Next winter, when no doubt a finished manuscript will be put to bed and await publication, I’m already planning on living in Parfums DelRae’s Eau Illuminee from a new company started by San Francisco graphic designer DelRae Roth. Eau Illuminee is what I can only describe as the scent of completion. Like Chanel No. 5, it promises to become a definitive perfume. No particular note in this symphonic composition stands out; it is simply classy, urbane and as crisp as sunlight falling on a row of skyscrapers on a February afternoon. I can’t wait to wear it, but I feel like I have a ways to go before I get there (not to mention that, at $125 a bottle, it’s beyond my present means). In the meantime, I occasionally dab some on from a precious sample vial and wear it for an hour or two before my morning shower, just for practice.

But I’m already easing into spring with the help of what must be the world’s smallest bottle of the hard-to-find L’Or de Torrente, purchased on EBay after some tense last-minute bidding. Based on an inspired combination of coffee and roses, L’Or de Torrente is at once ornate and lively. It has the complexity of Oriental scents without their usual heaviness, and I often wear it when I’m going to a meditation class. I’ve come to associate its smell with the kind of deep, ruminative awakening that comes afterward. It must be the coffee.

For me, wearing perfume is all about keeping your senses awake, and that’s why it has always been important to try new things. Fortunately, every year brings a new crop of scents to be tasted.

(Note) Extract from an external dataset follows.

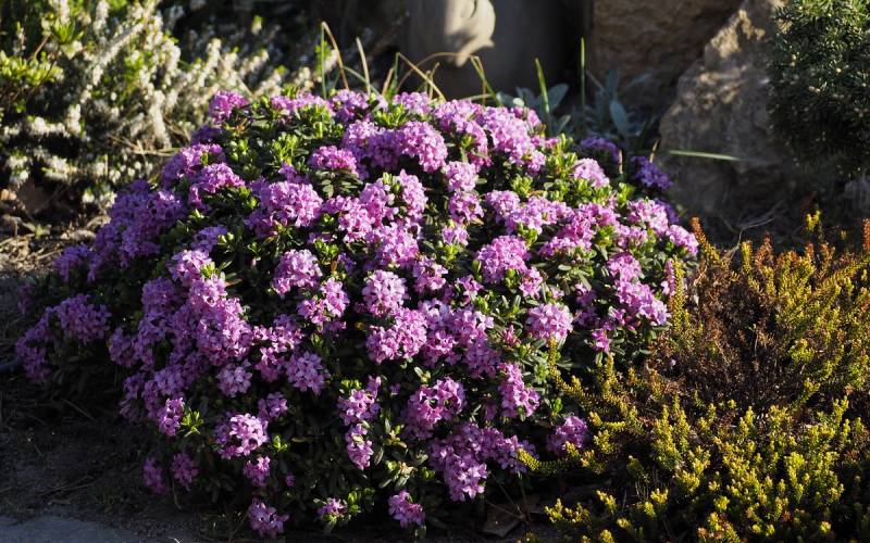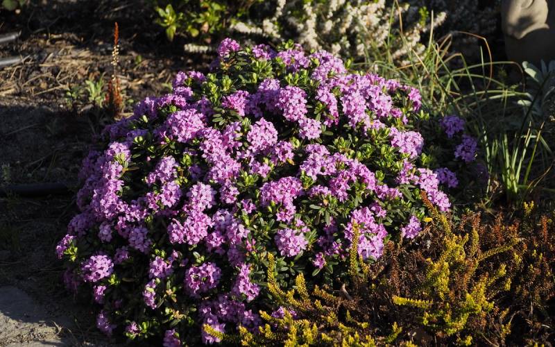 Daphne collina) Ma wygląd i pokrój miniaturowego rododendrona ale jest bardzo odporny na suszę i słabe warunki glebowe.

As with wine, some years are better than others, and this year is a good one.

Complicated and compelling fragrances are making a comeback. Dior’s Addict, Gucci’s latest eponymous perfume and Yves Saint Laurent’s Nu are all serious scents waiting for formidable, eccentric women to adopt them. Donna Karan’s Black Cashmere smells like tiger balm mixed with some kind of exotic hardwood, while Chanel’s Chance is so warm and fuzzy it could easily have been called Pink Cashmere. Michael Kors’ new Kors has notes of port wine and cognac, making it literally intoxicating. And Mont Blanc’s new Presence smells exactly like bottled power: a modern, muscular, authoritative scent for female CEOs and senators.

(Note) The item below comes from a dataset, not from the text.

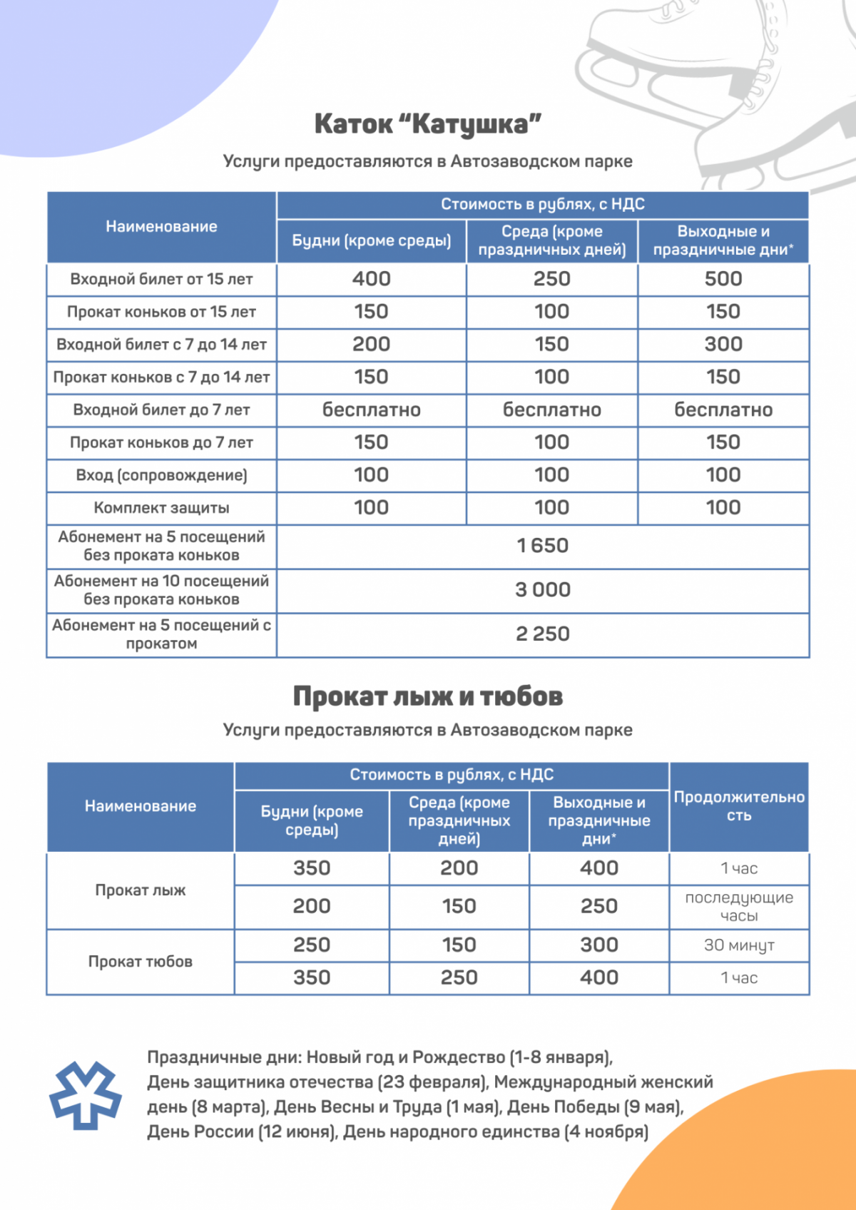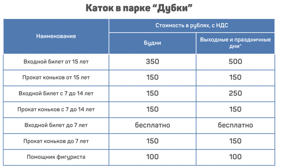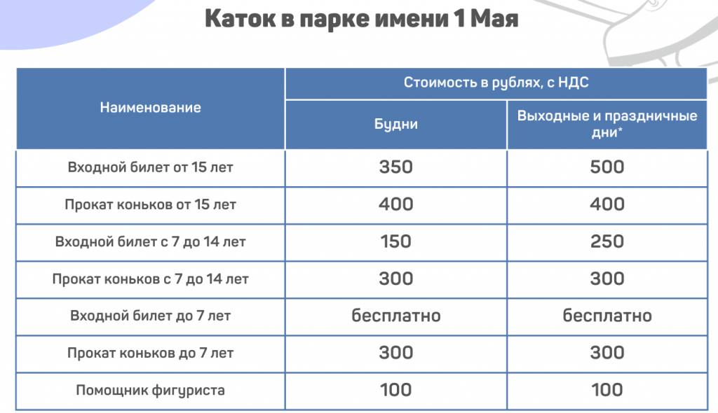 Билет для детей до семи лет — бесплатный. Но если взять коньки на прокат, придется отдать 300 рублей — как в будни, так и выходные. Услуги помощника фигуриста обойдутся в 100 рублей. Также Дирекция проанализирует данные о посещаемости и подумает о введении бесплатных часов катания для пенсионеров.

This year, even some of the eager-to-please fragrances from the nicey-nice smelling ‘90s are launching turbocharged versions. Lancome has introduced a souped-up version of Miracle called Miracle Intense. Estee Lauder’s Pleasures Intense is a glorious invention--a new take on a perfume that I have always hated to love (let’s just say that Elizabeth Hurley and I have exactly nothing in common). Until you smell Pleasures Intense, you won’t fully understand the following statement: Most perfume doesn’t actually smell anything like real, living flowers. Pleasures Intense does. It smells exactly like the bouquets of wild roses that used to come out of my grandmother’s yard. Intense? Definitely.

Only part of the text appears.